(Data provided begins)
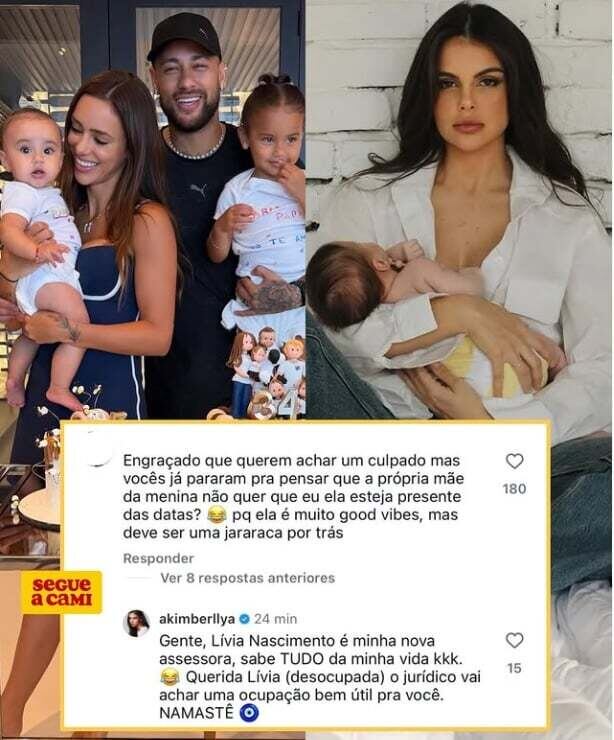 Muitos internautas comentaram sobre a ausência da filha de Amanda Kimberlly na festa de Neymar Jr. Diante da situação, Kimberlly decidiu falar sobre isso. Acontece que uma internauta chamada Lívia Nascimento disse: “Engraçado que querem achar um culpado, mas vocês já pararam pra pensar que a própria mãe da menina não quer que ela esteja presente nas datas?! Porque ela é muito ‘good vibes’, mas deve ser uma jar4raca por trás”.
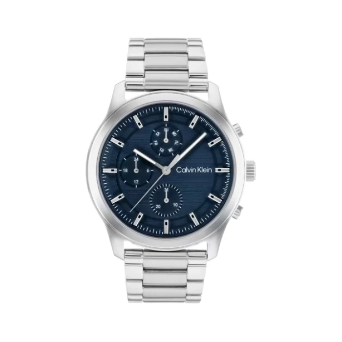 Calvin Klein 25200208 muški ručni sat ima tamnoplavi brojčanik, kućište i remen od čelika u srebrnoj boji. Promjer kućišta je 44 mm, vodootpornost do 30 m, a od funkcija posjeduje datum, dan i kronograf.
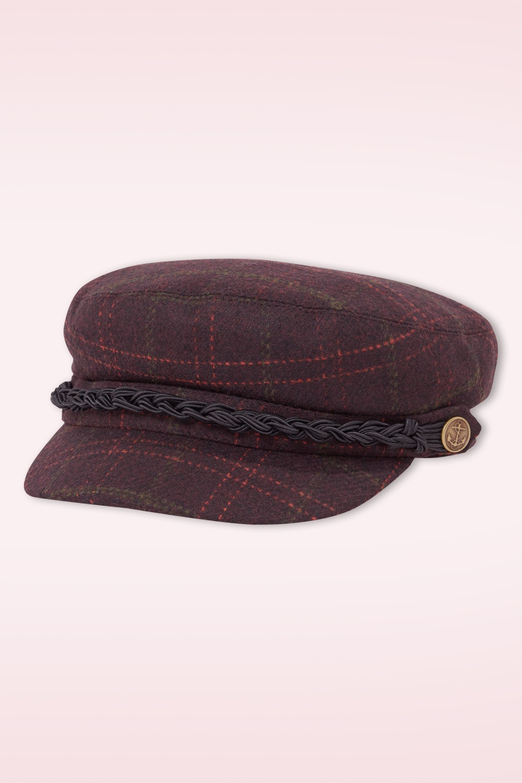 Ahoi, Matrose! Diese zeitlose weinrote Schiffermütze mit Karomuster ist aus einem edlen, warmen Mischgewebe mit Wollanteil gefertigt. Über dem Schirm befindet sich eine geflochtene Kordel, die seitlich mit Druckknöpfen befestigt ist.    * Schiffermütze * Vollständig gefüttert * Verstärkter Schirm (mit abnehmbarer geflochtener Kordel und Zierknöpfen)
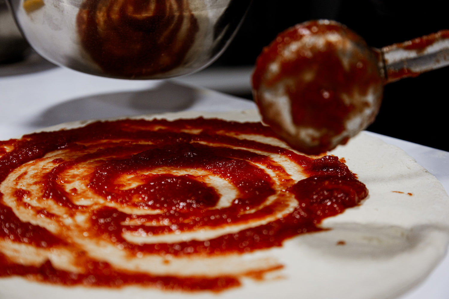 Topping the pizzas starts with spreading the sauce and selecting fresh toppings from the provided selection. After the course, students will be provided with a pizza box to take home any leftover pizza they made as well as dough balls to make their own pizza at home (bring a cooler).
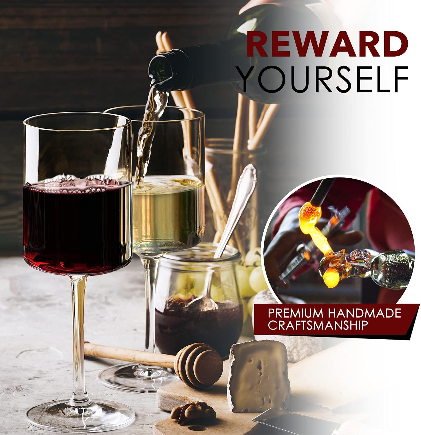 Chouggo Square Wine Glasses Set of 6, Hand Blown Crystal Red Wine or White Wine Glass 11.4Oz - Hand Crafted by Artisans - Gifts for Women, Men, Wedding, Anniversary, Christmas, Birthday
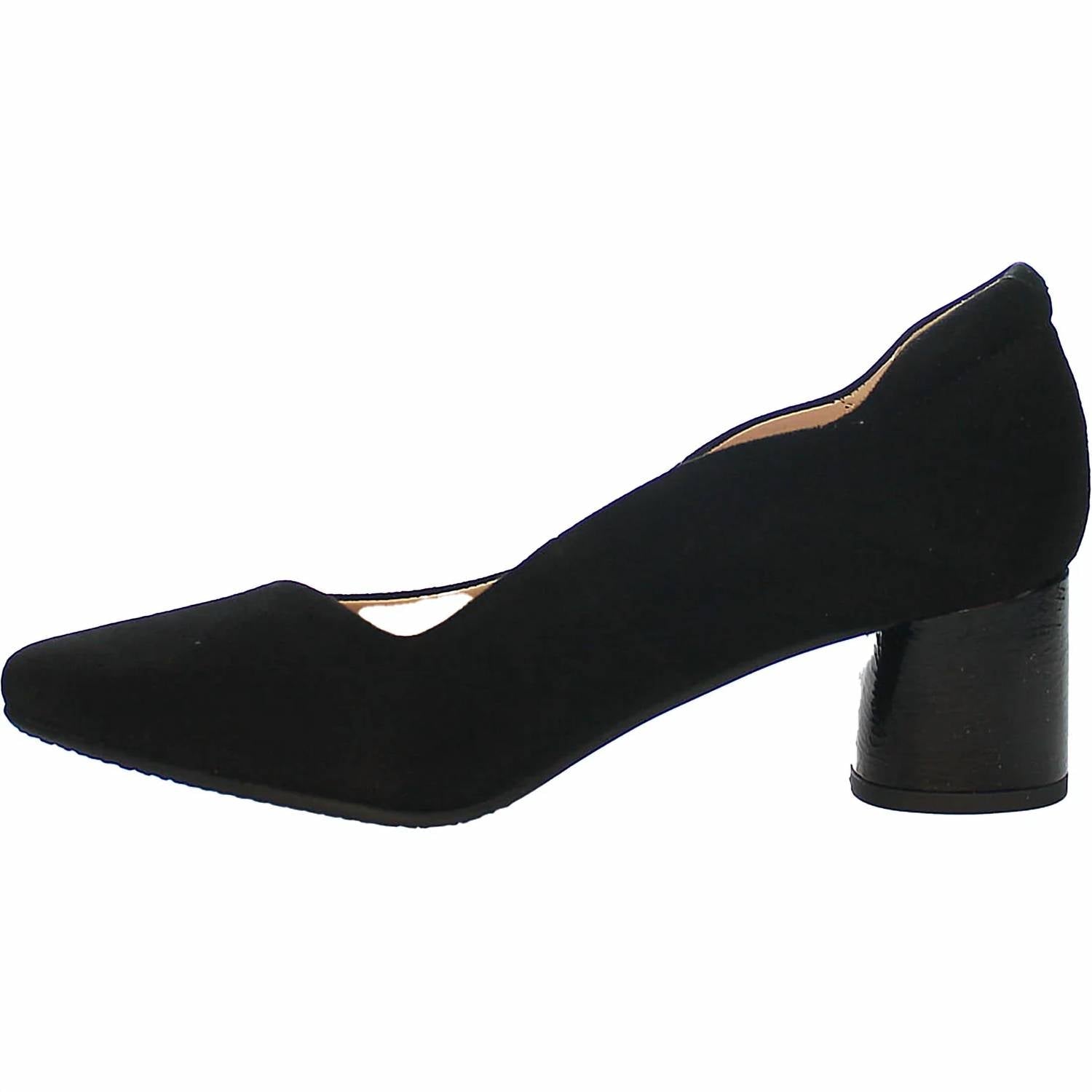 Introducing the Evelyn Pump by Bella Comforto, a sophisticated heel that combines luxe suede uppers with a patent leather wrapped 2" column heel exuding elegance. This model boasts a subtly scalloped silhouette, an asymmetric vamp, and a pointed almond toe for a unique yet refined look. Crafted with richly padded insoles and built-in arch support, it ensures pillow-soft comfort with every step. Proudly handcrafted in Portugal, this black heel is a stylish addition to any wardrobe.
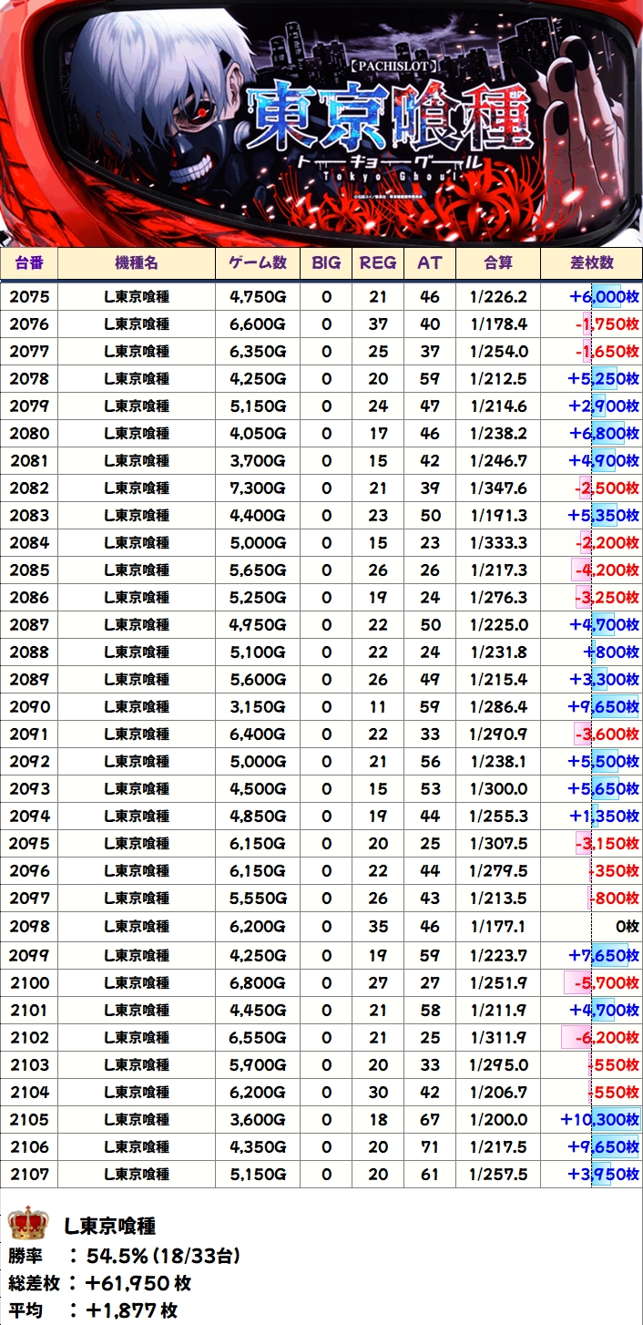 【1/2系濃厚】L東京喰種(18/33台+)→平均+1,877枚
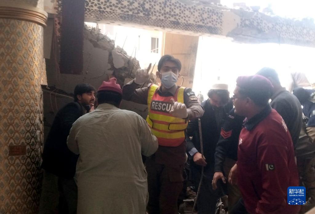1月30日,在巴基斯坦西北部开伯尔-普什图省首府白沙瓦市,人们在爆炸袭击事件现场搜救(手机拍摄)。
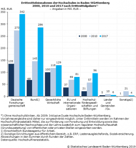Wie das Statistische Landesamt im Rahmen der Hochschulfinanzstatistik mitteilt, beliefen sich die Drittmitteleinnahmen der Hochschulen in Baden-Württemberg im Jahr 2017 auf insgesamt rund 943 Millionen (Mill.) Euro. Dies entspricht einer Steigerung von knapp 47 Mill. Euro bzw. 5,2 % im Vergleich zum Vorjahr.
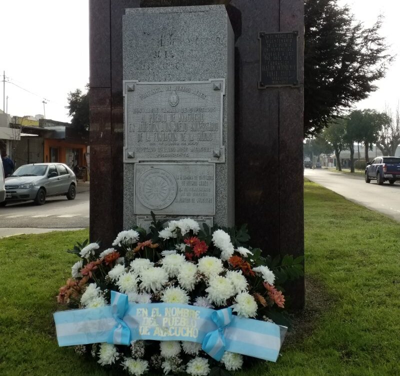 En el marco del 155 aniversario de la fundación de Ayacucho, y en un sencillo acto, esta mañana el Intendente Municipal Lic. Emilio Cordonnier, junto a la Presidente del Concejo Deliberante, Miriam Ferrari; los Concejales Emilia Souza y Marcela Guisande; la presidente del Consejo Escolar, Florencia Aguiar; y el acompañamiento especial del Presidente de la Fiesta Nacional del Ternero y Día de la Yerra, Alberto Volontín; y la actual Reina Agustina Desimone y la Segunda Princesa Natalia Rodríguez; colocaron una ofrenda floral en el busto que recuerda al fundador de Ayacucho, José Zoilo Miguens, dado que por la pandemia de covid-19 aún no pueden realizarse actos con concurrencia de público.
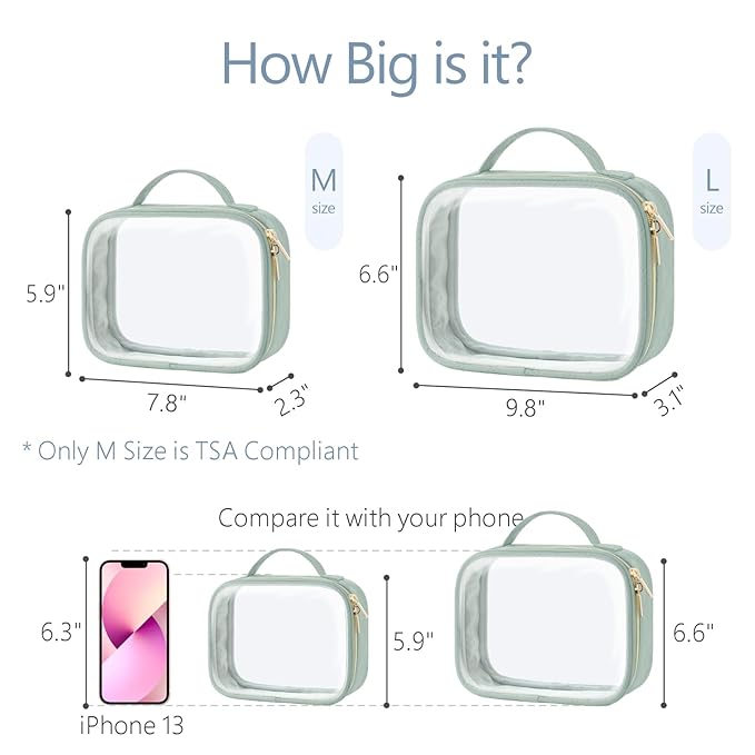 - TSA-approved & hassle-free security checks: This medium clear makeup bag measures 7.8 x 2.3 x 5.9 inches, perfectly complying with TSA’s 3-1-1 liquids rule and breeze through airport security without unpacking; note the large size clear bags for travel (9.8 x 3.1 x 6.6 inches) exceeds one quart and isn’t TSA-approved
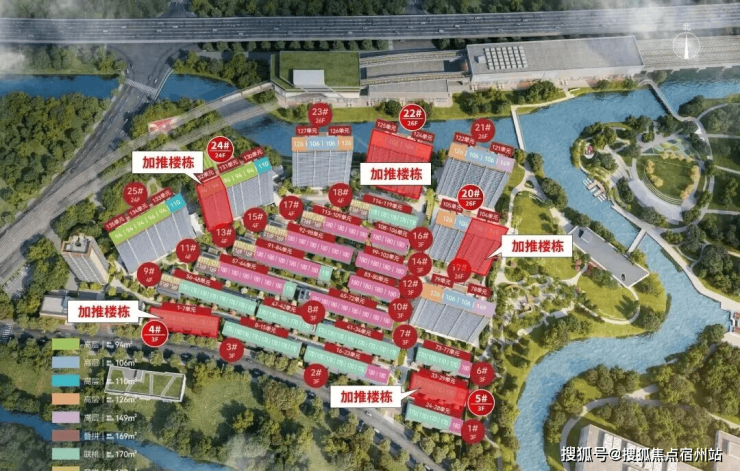 大华望规划 7 幢高层(23-26F,层高 3 米)与 18 幢叠加、联排别墅,总计 908 套,全地下车位 1180 个,车位配比 1:1.3。多元的产品业态,满足不同家庭、不同预算的置业需求。
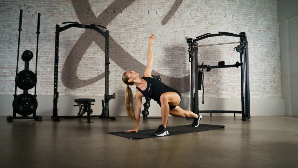 The Foundation integrates Centr’s strength equipment line, including kettlebells, dumbbells, a bench and Olympic barbell set.
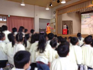 「もったいない」を合言葉に、エネルギーの無駄遣いをなくすことや、「いただきます」に【ありがとう】の気持ちを込めて挨拶することを、ドナルドと楽しく学ぶことができました。
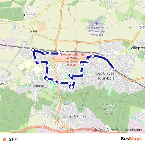 The first stop of the 5101 bus route is Gare de Plaisir - Les Clayes and the last stop is Gare Routière des Clayes. 5101 is operational during tous les jours.
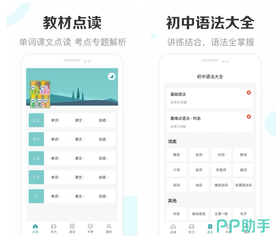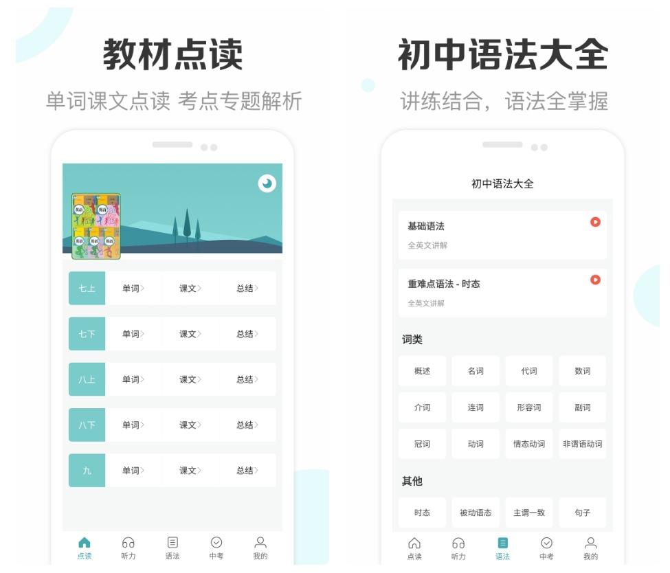初中英语学习配套软件,从七年级到九年级的单词和课文都有,可以跟着视频朗读学习正宗的英语,还可以练习听力由简到难由易到繁的排列方式能够更好地训练孩子们的听力,你可以去自动调节朗读的语速和声音。
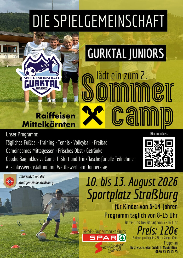 Von 10. bis 13. August 2026 veranstalten die Gurktal Juniors am Sportplatz Straßburg ihr zweites Sommercamp
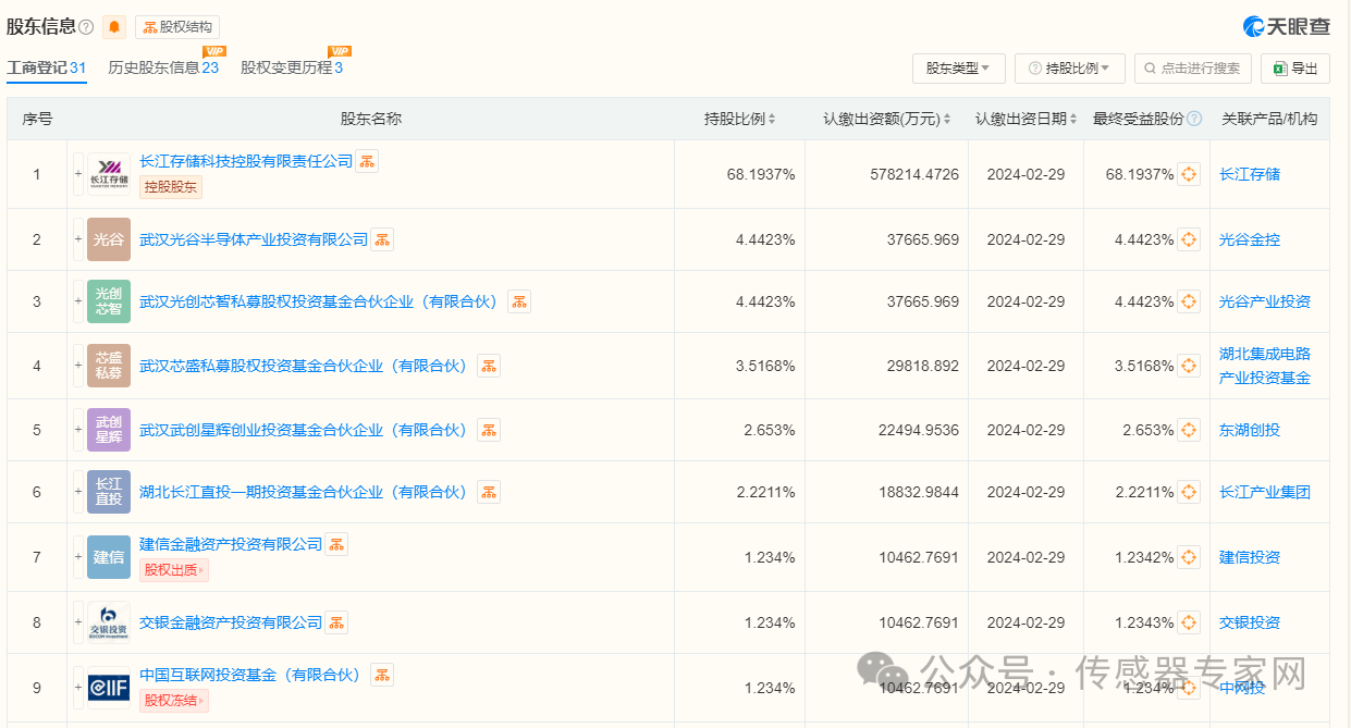 2024年2月29日,武漢新芯引入30多家投資機(jī)構(gòu),包括廈門炬達(dá)二號(hào)投資合伙企業(yè)(有限合伙),武漢金融控股,武漢光谷半導(dǎo)體產(chǎn)業(yè)投資有限公司,武漢光創(chuàng)芯智私募股權(quán)投資基金,國鑫創(chuàng)投,招銀國際,長投集團(tuán),謝諾投資,中信證券,中國農(nóng)業(yè)銀行,中銀金融,湖北高投,恒盛融通投資,建信投資,中國工商銀行,東湖創(chuàng)投,交銀金融資產(chǎn)投資有限公司,海通創(chuàng)意資本,湖北長江直投等等。目前,武漢新芯的控股股東為長江存儲(chǔ), 持股超68%。
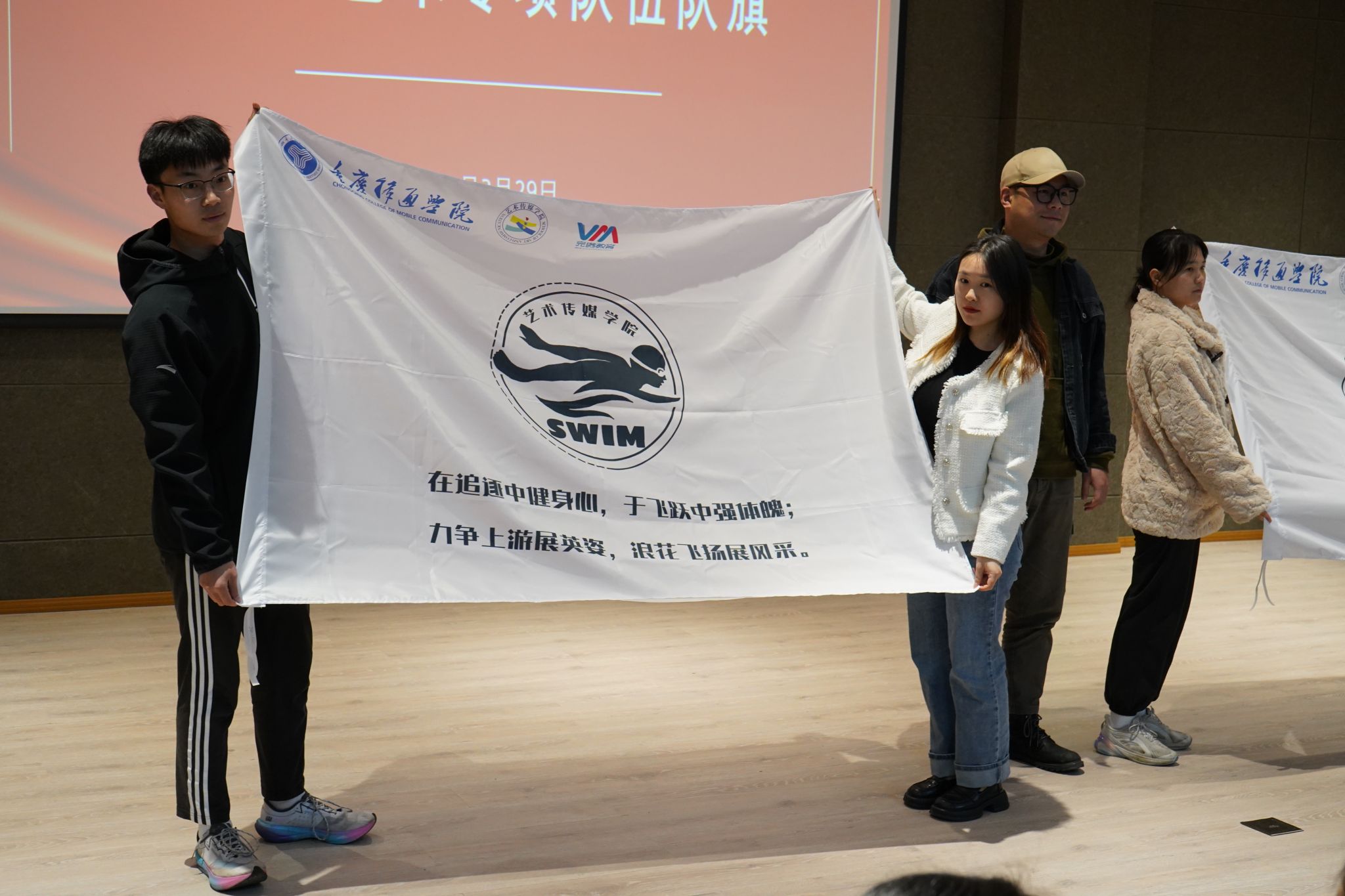队旗标志着一个队伍的成立,是一个队伍文化、精神的传承,由艺术教育中心邹贤达主任为学院体育、艺术专项队伍授予了旗帜。各队队长和副队长依次上台接过队旗并向大家展示。
(Data provided ends)
# Task details
Find the line with "The Foundation integrates" in the entries above. Set down exactly every line from it up to and including the line with "The first stop", images excluded.

# Result of this exercise
 The Foundation integrates Centr’s strength equipment line, including kettlebells, dumbbells, a bench and Olympic barbell set.
 「もったいない」を合言葉に、エネルギーの無駄遣いをなくすことや、「いただきます」に【ありがとう】の気持ちを込めて挨拶することを、ドナルドと楽しく学ぶことができました。
 The first stop of the 5101 bus route is Gare de Plaisir - Les Clayes and the last stop is Gare Routière des Clayes. 5101 is operational during tous les jours.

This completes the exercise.